Mobil mewah itu masuk ke pekarangan rumah mewah Daniel. Tristan masih diam di tempatnya, sedangkan Kimy sudah melepas seatbealt nya bersiap turun. Kimy memegang gagang pintu mobil itu tapi dia tak melihat ada pergerakan dari Tristan. Kimy pun menoleh pada kekasihnya itu "Kamu tidak turun?.."
"Turunlah, aku masih ada urusan.." Jawabnya tanpa melihat ke arah Kimy.
Melihat itu Kimy tak jadi turun, dia memutar tubuhnya menghadap kekasihnya itu "Kamu marah, maaf aku tidak bermaksud.."

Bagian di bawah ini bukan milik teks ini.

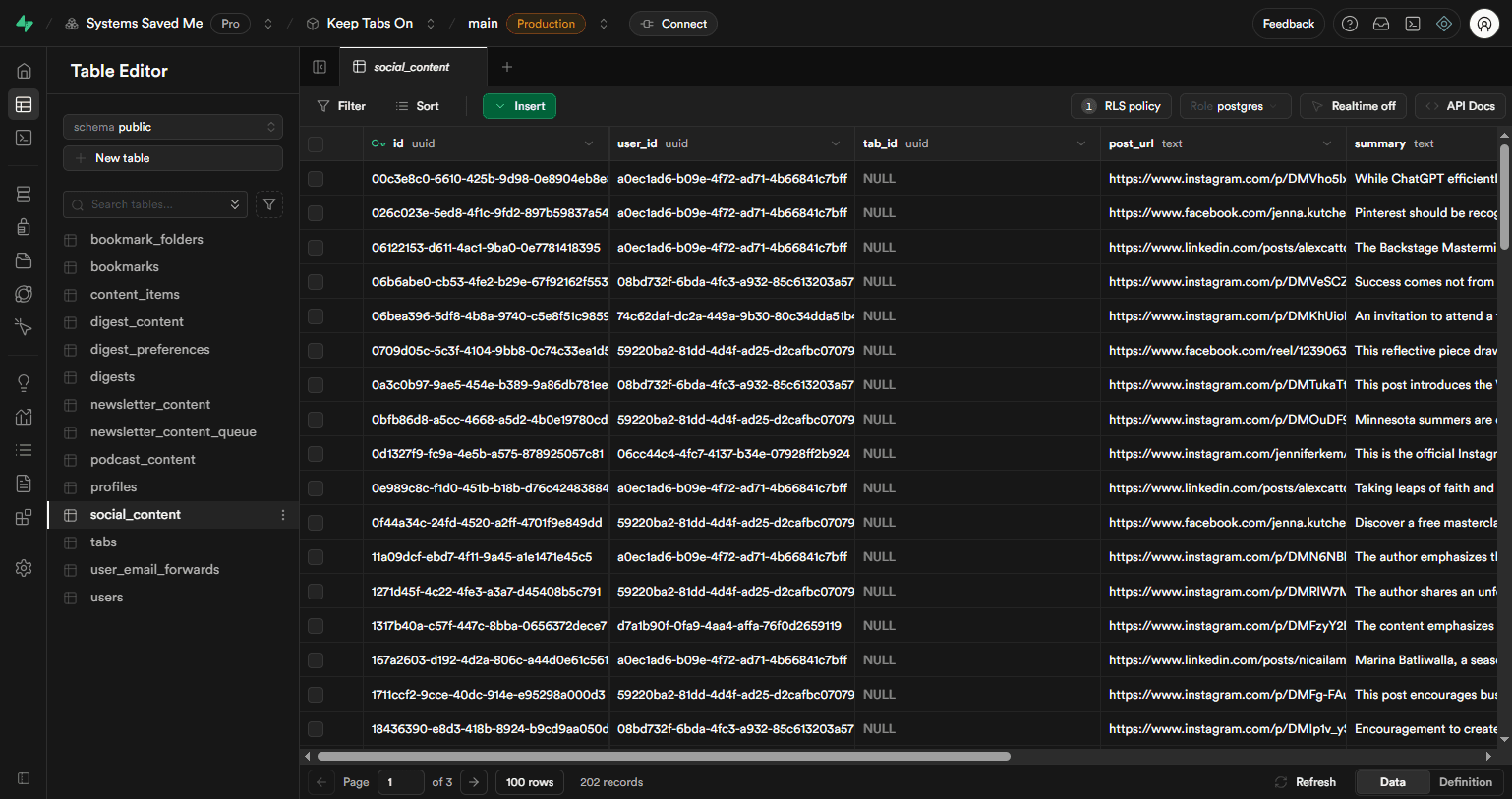 This project automated the process of scraping, summarizing, and storing content from multiple social media platforms, reducing manual work by over 90%. Using an n8n workflow, the system pulled posts from Facebook, Instagram, YouTube, LinkedIn, and RSS feeds, summarized them using AI, and stored the results in Supabase. The automation saved over 15 hours per week and ensured that content monitoring stayed consistent and organized.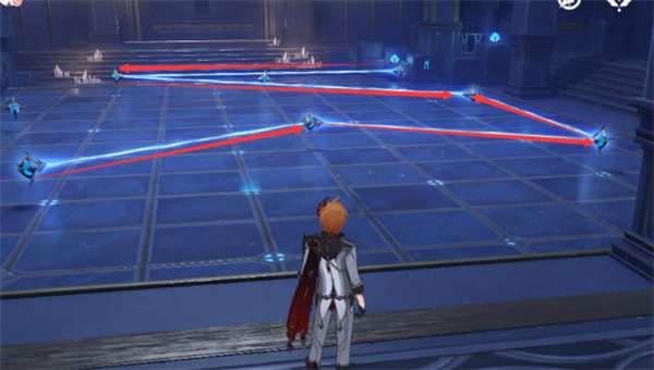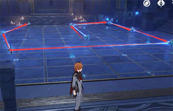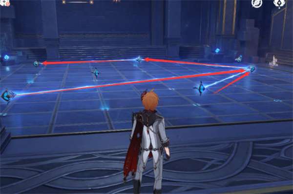 3:然后我们进入这个房间,左边是射线的要求,完成一个之后墙上图案就会改变的,所以只能展示地面射线方向,如图所示分别是三个图案,你们可以进行参考;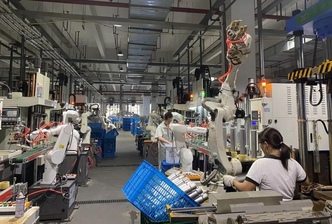 这是亿邦走访一家保温杯外贸工厂时的场面。硕大的机械臂与娇小的女工交相辉映,一曲后现代的赛博朋克重金属画风。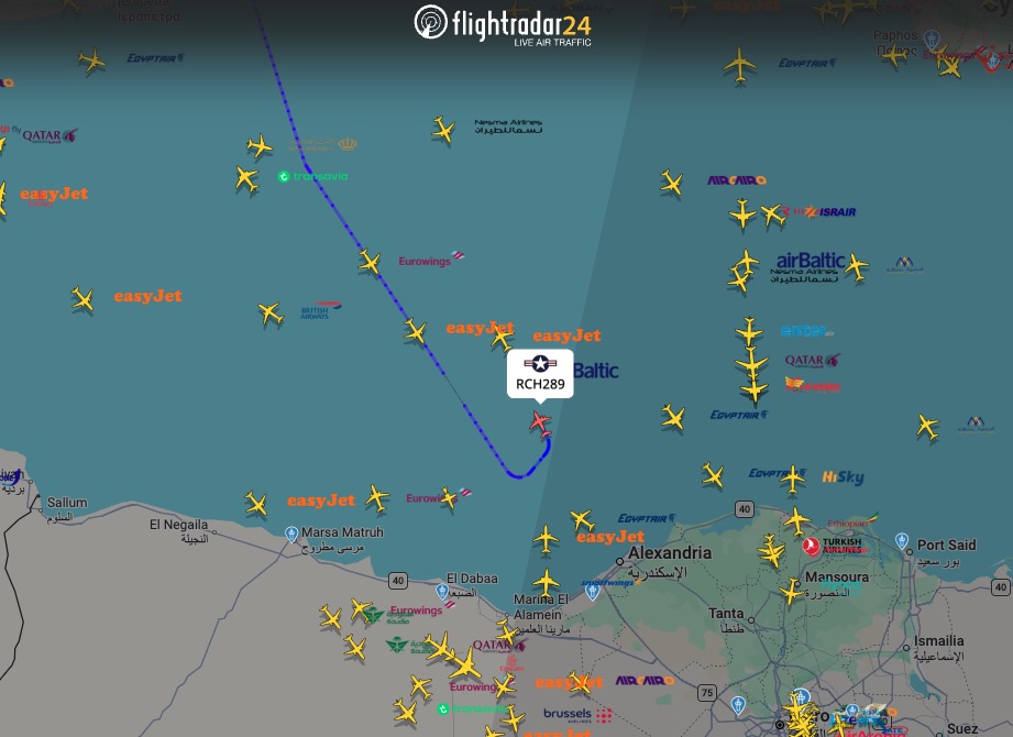 At the time of the declaration, the heavy-lift transport plane was positioned over the Mediterranean Sea, just north of Alexandria, Egypt.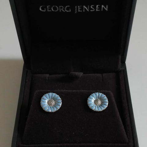 Georg Jensen Daisy ørestikker i forgyldt Sterling sølv. Den ene ørering har 2 afslag i den hvide emalje - jeg synes ikke det ses på lidt afstand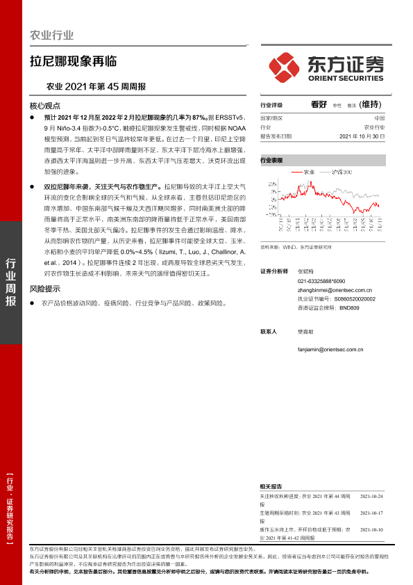 【东方证券】【20211030】农业2021年第45周周报:拉尼娜现象再临-8页

"Tidak. Masuklah sudah malam, nanti kamu masuk angin.." Jawabnya masih tanpa menatap kimy.
"Tristan aku mohon jangan begini, aku tahu kamu marah. Bicaralah, tapi jangan mendiamkanku.."
"Aku bilang masuk.."
"Tristan!!.."
"Masuk Kimy, kenapa susah sekali untukmu sekali saja nurut padaku.."
"Kenapa aku harus nurut, aku bukan boneka. Kenapa tidak kamu yang mendengarkan aku. Kenapa aku harus selalu mengikuti katamu.." Kimy berteriak seperti orang kesetanan. Tristan menoleh pada Kimy yang bicara dengan menggebu - gebu dengan amarahnya. Sekali lagi Tristan mengetatkan rahangnya.
" Terserah kamu!!!!.." bentak Kimy kasar dan langsung keluar dari mobil dan membanting pintu iku kasar.
Tristan melihat punggung Kimy yang berjalan memasuki rumah. Mata Tristan memerah, tidak, dia tidak menangis hanya karena pertengkaran sepele itu. Yang membuatnya sakit adalah Tristan jadi tahu kalau wanitanya itu tidak mencintainya sebesar apa yang di pikirkannya. Wanitanya itu tidak pernah menganggapnya, tidak menghargainya. Tristan masih kalah, walaupun raga Kimy bersamanya tapi hati wanita itu belum bisa menerima seutuhnya. Salahkan kalau sekarang justru Tristan yang kalah, dia mencintai Kimy melebihi nyawanya sendiri.